This is an issue when you include an APIRouter in a FastAPI application before adding child routers to it. The child router’s path operations will not be registered with the application.

Why is this an issue?

FastAPI registers path operations at the moment you call include_router(). When you include a parent router in your FastAPI app, it captures only the path operations that exist in that router at that specific moment.

If you later add a child router to the parent router using router.include_router(child_router), those new path operations are added to the parent router object. However, the FastAPI app has already completed its registration process and won’t automatically pick up these new routes.

This creates a situation where:

The issue is particularly subtle because no error or warning is raised. The code runs without complaints, but the endpoints simply don’t work. This can lead to confusion during development and testing, as the routes appear to be properly defined in the code but are mysteriously unavailable at runtime.

What is the potential impact?

When child router endpoints are not properly registered:

This can cause significant debugging time as the code structure appears correct, but the runtime behavior doesn’t match expectations. In production, this could mean critical API functionality is unavailable to users.

How to fix it in FastAPI

Include all child routers in their parent routers before including the parent router in the FastAPI application.

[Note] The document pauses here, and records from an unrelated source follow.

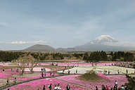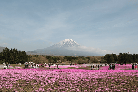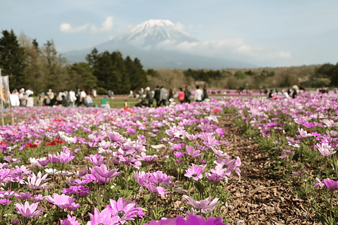 残雪の美しい富士山と芝桜の素晴らしい競演「富士芝桜まつり」
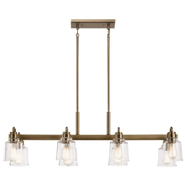 Aivian 42 in. 8-Light Weathered Brass Vintage Industrial Shaded Linear Chandelier for Dining Room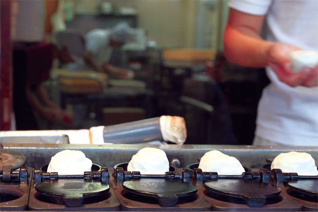 ถ้าสังเกตจะเห็นว่าหลายร้านมีเครื่องทำขนมอะไรบางอย่าง สิ่งนั้นคือ "ขนมอุเมกาเอะ โมจิ" ทำกันสดๆ ให้เห็นกันจะๆ เป็นแป้งเหนียวนุ่มสอดไส้มันหวาน เวลารับประทานต้องทานตอนยังร้อน ความหวานละมุนของมันด้านในและความเหนียวนุ่มของแป้งด้านนอกทำให้ลืมโมจิไดฟูกุ ที่เราคุ้นเคยไปเลย เดินต่อไปอีกเกือบถึงลานจอดรถบัสจะเจอร้านขาย “ปลาหมึกย่าง” ตายายเจ้าของร้านจะเชื้อชวนให้ชิมซึ่งแนะนำว่า ไม่ต้องเขิน ชิมไปเลยทั้งกำที่เขายื่นให้ แล้วจะรู้ว่าปลาหมึกไม่ใช่แค่เหนียว แต่ต้องนุ่ม ไม่เหม็นคาว และไม่จำเป็นต้องมีน้ำจิ้ม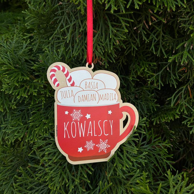 Bombka zawieszka kubek czekolady z piankami i imionami na choinkę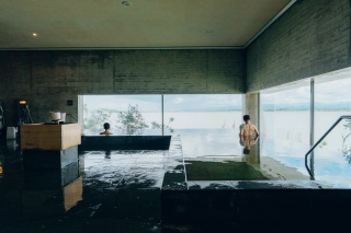 世界的建築家 谷口吉生氏の設計で、外観はそのほとんどがガラス張り。柴山潟、空、森など周辺の自然に溶 け込み、建物からは雄大な白山連峰を背景とした美しい柴山潟の眺望が楽しめます。 窓から水平線のように広がる柴山潟の湖面と浴槽が一体化し、さながら柴山潟に浸かっているような感覚を覚える解放感漂う「潟の湯」と、緑広がる優しい森の景色に安らぎを感じることのできる癒しの空間「森の湯」の2つの浴室があり、定期的に男女を入れ替えてご利用いただきます。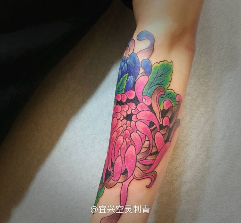 当前位置: 首页 >江苏省无锡市纹身店-宜兴·空灵刺青纹身图案>菊花纹身图片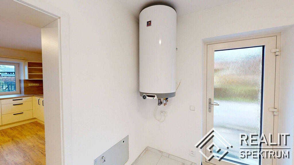 • Technické zázemí: Samostatné prostory v technické a skladovací místnosti s přípravou na instalaci pračky i sušičky.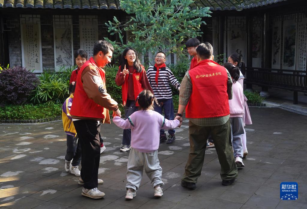 在江西省贛州市南康區盧屋村,志愿者與孩子們一起互動游戲(4月26日攝)。

This ensures all path operations are registered when the parent router is added to the app.

Code examples

Noncompliant code example

from fastapi import FastAPI, APIRouter

app = FastAPI()
parent_router = APIRouter()
child_router = APIRouter()

@child_router.get("/items")
def get_items():
    return {"items": []}

app.include_router(parent_router, prefix="/api")
parent_router.include_router(child_router)  # Noncompliant

Compliant solution

from fastapi import FastAPI, APIRouter

app = FastAPI()
parent_router = APIRouter()
child_router = APIRouter()

@child_router.get("/items")
def get_items():
    return {"items": []}

parent_router.include_router(child_router)
app.include_router(parent_router, prefix="/api")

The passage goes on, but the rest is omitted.